One of the main purposes of this visit was to attend the wedding of one of my best friends, a girl who I've known since elementary/primary school and whose life I apparently saved once while skiing. [I don't know why I have no recollection of this, but it's a story I've heard a thousand times.] Anyway, in addition to celebrating my friend's new marriage, this trip was also an opportunity for me to catch up with family and friends I hadn't seen in a long time and to visit my favourite place in the world, New York City.

Wedding fun
Admittedly so, when I first found out the wedding had unexpectedly been bumped up a year, I slipped into panic mode as I attempted to work out the details of returning home. What complicated matters the most was the fact that due to my visa restrictions, I knew the trip would inevitably clash with the craziness that comes with having to look for new work; however, after some serious consideration, lots of praying, and flights miraculously dropping almost half a grand, everything fell right into place and it became crystal clear that home was where I was supposed to be in August. Before I knew it, I was planning a trip back to Pennsylvania before my one-year mark in Australia, and I was pretty excited about it.

Ever since I was 17 and and had my first international travelling experience [ironically enough, to Australia and New Zealand], I dedicated much of my time and my effort to escaping Pennsylvania.
Kahlan and Bailey
Whether it was studying abroad, volunteering overseas, or working internationally, I always seemed to be trying to get away. For me, travelling offered something I felt like home just lacked: a sense of excitement, an opportunity to explore, and a possibility for an adventure. Even though the vast majority of my life was spent in Pennsylvania, at some point, it stopped feeling like home.

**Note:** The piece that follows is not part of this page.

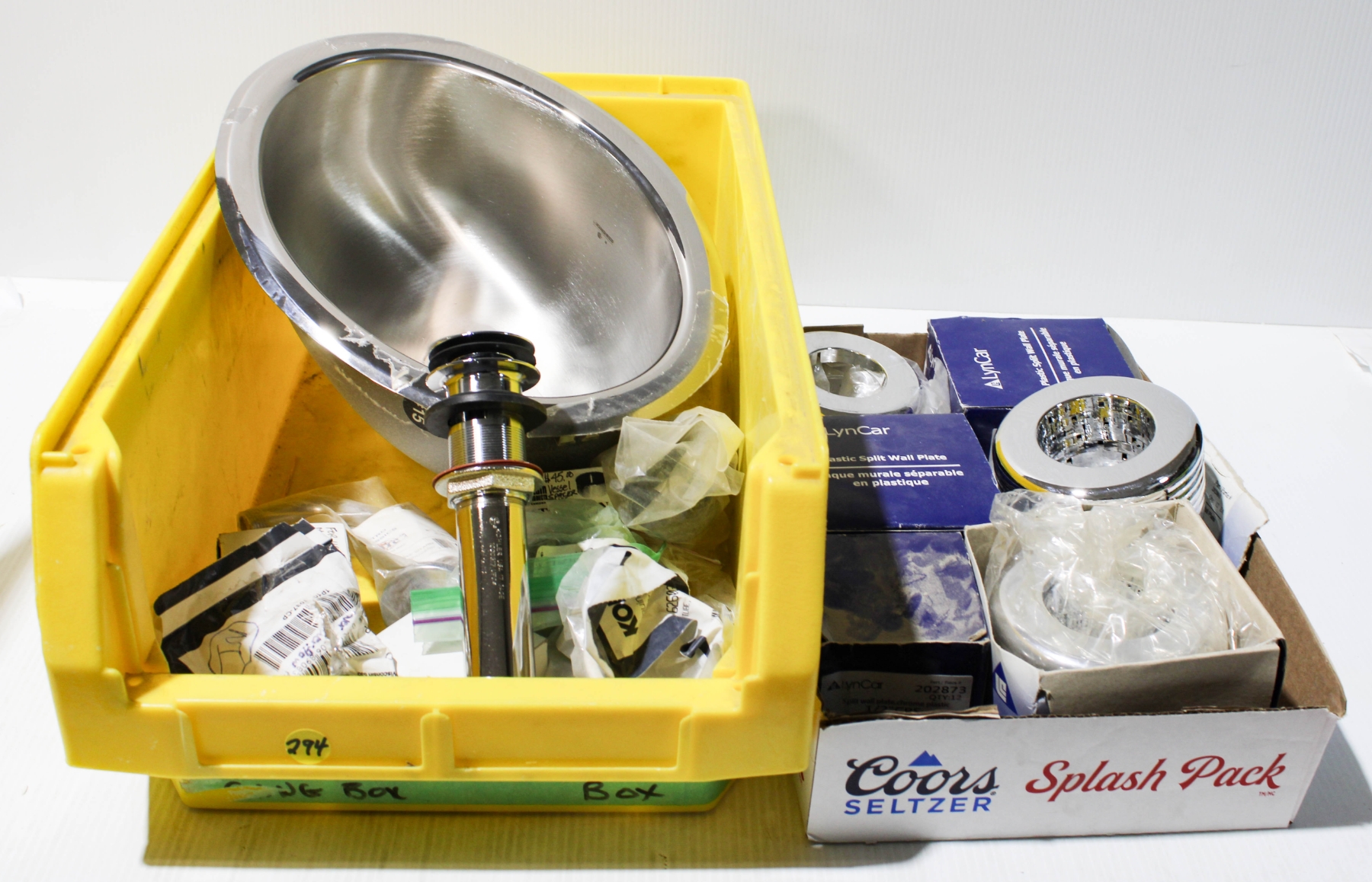 LARGE PARTS TRAY W/ SINK & PLUMBING SUPPLIES ETC

However, something within me changed as I sat in my childhood room last month and listened to the cicadas outside my window. An inexplicable peacefulness fell over me and I felt a renewed sense of appreciation for home, especially for all my family and friends who are there. While this feeling shouldn't be misinterpreted as my wanting to move back to Pennsylvania, it was as
No trip home would be complete without a drive to NYC
if home and I came to some sort of unspoken agreement. The feud was over, and it was like a weight had been lifted from my heart.

On my last night there, I met up with an old high school friend who I hadn't seen in almost two years. It was certainly unexpected, but as I was leaving, it hit me pretty hard as I realised how much I was going to miss the Lehigh Valley.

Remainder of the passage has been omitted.